BEGIN MATERIAL PROVIDED

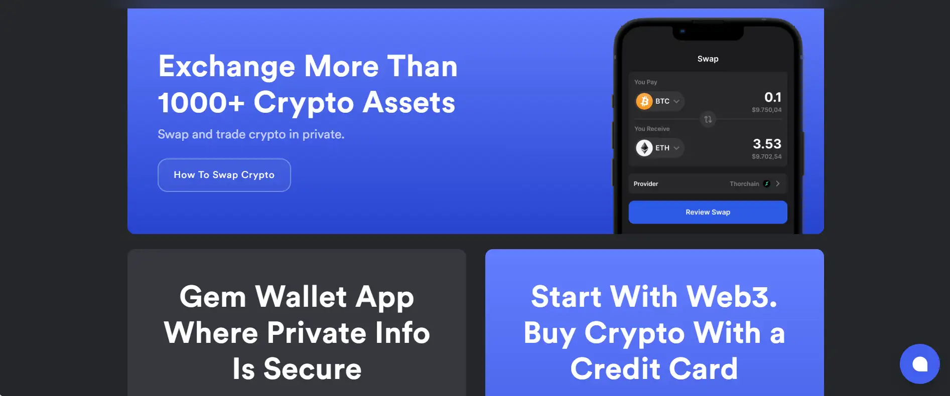 Gem Wallet’s feature set includes cross-chain swaps with providers like THORChain, Uniswap, Jupiter, and PancakeSwap, delivering the best rates without sign-ups or hidden fees. Through strategic integrations with Mercuryo, users can buy crypto with a credit card in over 100 countries. The wallet also includes NFT support, allowing users to store and trade their collectibles securely.
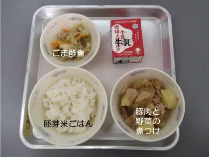 今日の献立は,『豚肉と野菜の煮つけ』『ごま酢煮』『胚芽米ごはん』『牛乳』です。
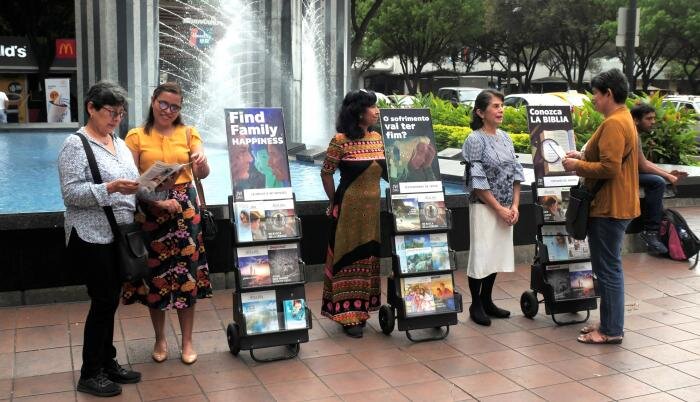 En Guayaquil se han instalado 45 sitios con 3 exhibidores portátiles cada uno. Allí se ofrecen de forma gratuita publicaciones en tres idiomas: español, inglés y portugués. Estas publicaciones contienen información sobre la familia, problemas palpitantes de la juventud, consejos prácticos para la vida y respuestas a preguntas sobre la Biblia.
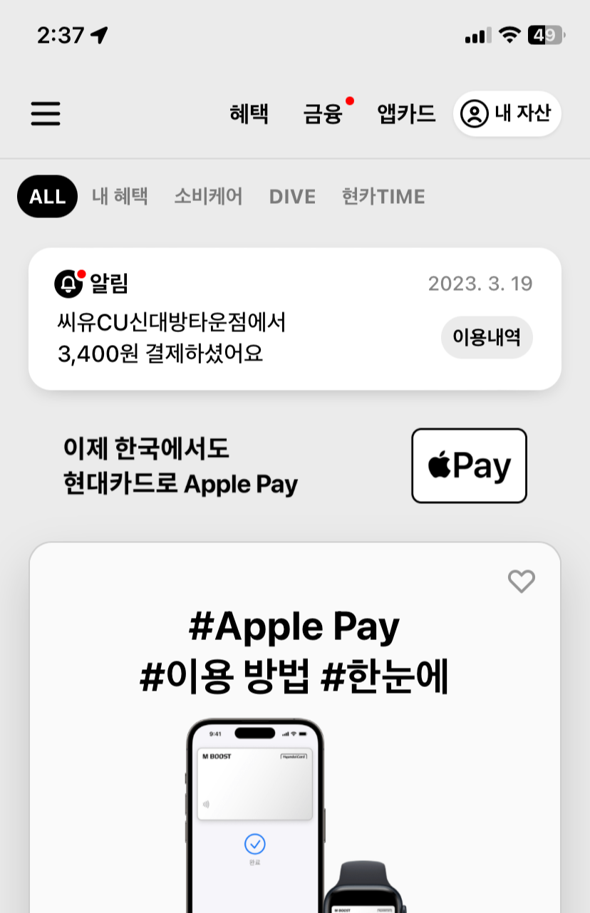 아이폰에서 현대카드앱으로 들어가겠습니다.

END MATERIAL PROVIDED

■ WORK REQUEST ■
Please write out the lines from the one that holds "今日の献立は,『豚肉と野菜の煮つけ』『ごま酢煮』『胚芽米ごはん』『牛乳』です。" through the end of the material, both ends included, exactly and with no pictures.

■ FINISHED TASK ■
 今日の献立は,『豚肉と野菜の煮つけ』『ごま酢煮』『胚芽米ごはん』『牛乳』です。
 En Guayaquil se han instalado 45 sitios con 3 exhibidores portátiles cada uno. Allí se ofrecen de forma gratuita publicaciones en tres idiomas: español, inglés y portugués. Estas publicaciones contienen información sobre la familia, problemas palpitantes de la juventud, consejos prácticos para la vida y respuestas a preguntas sobre la Biblia.
 아이폰에서 현대카드앱으로 들어가겠습니다.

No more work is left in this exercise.